Dai Mu-Gen, Li Li-Fen, Cheng Hai-Yan, Wang Jian-Bo, Ye Bin, He Fei-Yun
Department of Gastroenterology, The Fifth Affiliated Hospital of Wenzhou Medical University, Lishui 323000, Zhejiang Province, China.
Department of Gastroenterology, Liandu District People's Hospital, Lishui 323000, Zhejiang Province, China.
World J Clin Cases. 2022 May 6;10(13):4185-4189. doi: 10.12998/wjcc.v10.i13.4185.
Acute pancreatitis is an uncommon complication of gastrointestinal endoscopy, especially if the patient has none of the common risk factors associated with pancreatitis; such as alcoholism, gallstones, hypertriglyceridemia, hypercalcemia or the use of certain drugs.

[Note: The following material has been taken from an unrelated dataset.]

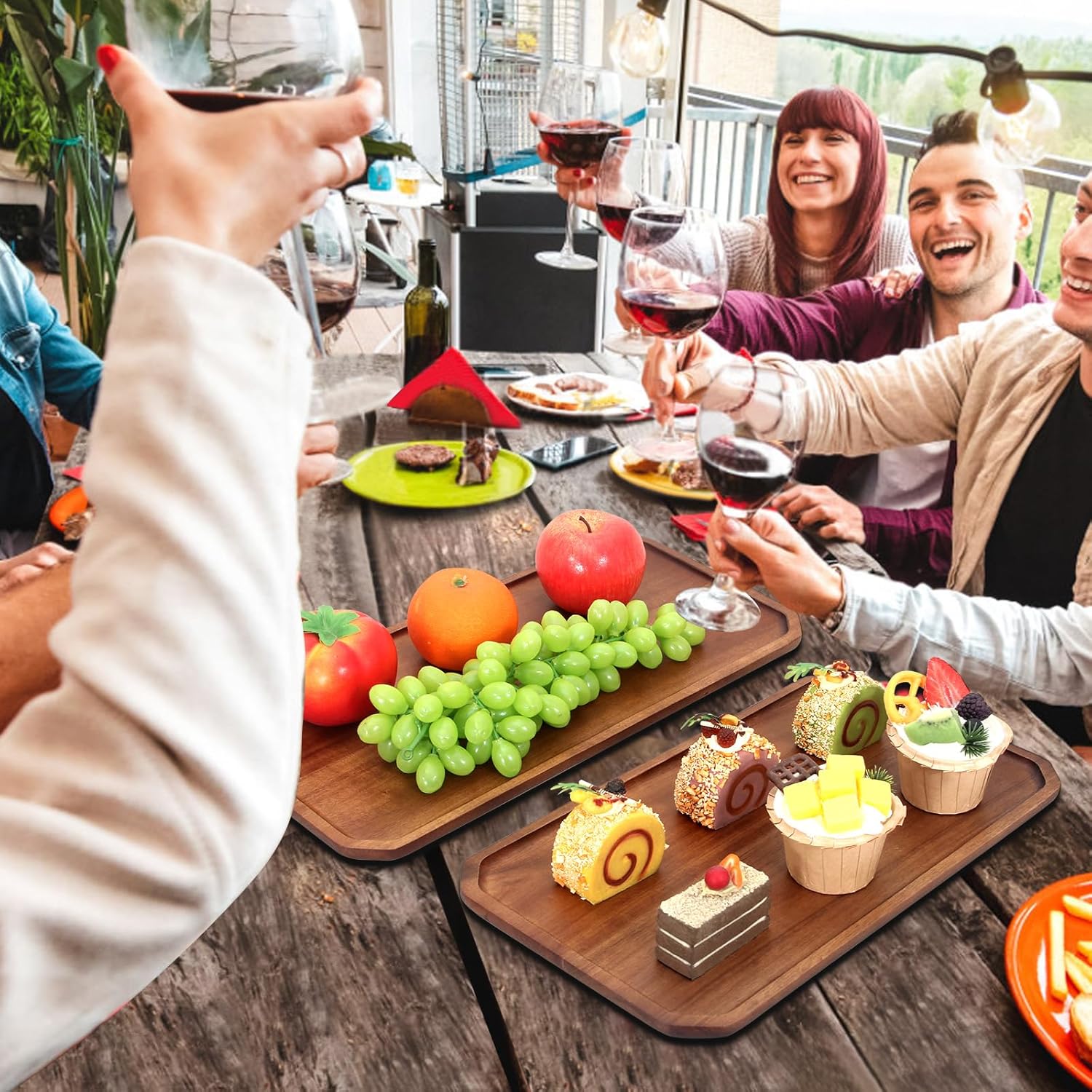 Renawe Set of 2 Wooden Serving Platters Food Tray Charcuterie Boards Large Acacia Wood Trays for Kitchen Counter Wood Charcuterie Platter Dish Candle Tray Fruit Cheese Serving Board

A 56-year-old female patient developed abdominal pain immediately after the completion of an upper gastrointestinal endoscopy. The pain was predominantly in the upper and middle abdomen and was persistent and severe. The patient was diagnosed with acute pancreatitis. Treatment included complete fasting, octreotide injection prepared in a prefilled syringe to inhibit pancreatic enzymes secretion, ulinastatin injection to inhibit pancreatic enzymes activity, esomeprazole for gastric acid suppression, fluid replacement and nutritional support. Over the next 3 d, the patient's symptoms improved. The patient remained hemodynamically stable throughout hospitalization and was discharged home in a clinically stable state.
Pancreatitis should be considered in the differential diagnosis of abdominal pain after upper and lower gastrointestinal endoscopy.
急性胰腺炎是胃肠内镜检查中一种不常见的并发症,尤其是当患者没有与胰腺炎相关的常见危险因素时;如酗酒、胆结石、高甘油三酯血症、高钙血症或使用某些药物。
一名56岁女性患者在完成上消化道内镜检查后立即出现腹痛。疼痛主要位于上腹部和中腹部,持续且剧烈。该患者被诊断为急性胰腺炎。治疗包括完全禁食、使用预填充注射器配制的奥曲肽注射液抑制胰酶分泌、乌司他丁注射液抑制胰酶活性、埃索美拉唑抑制胃酸、补液和营养支持。在接下来的3天里,患者的症状有所改善。患者在住院期间血流动力学一直稳定,出院时临床状态稳定。
在上下消化道内镜检查后腹痛的鉴别诊断中应考虑胰腺炎。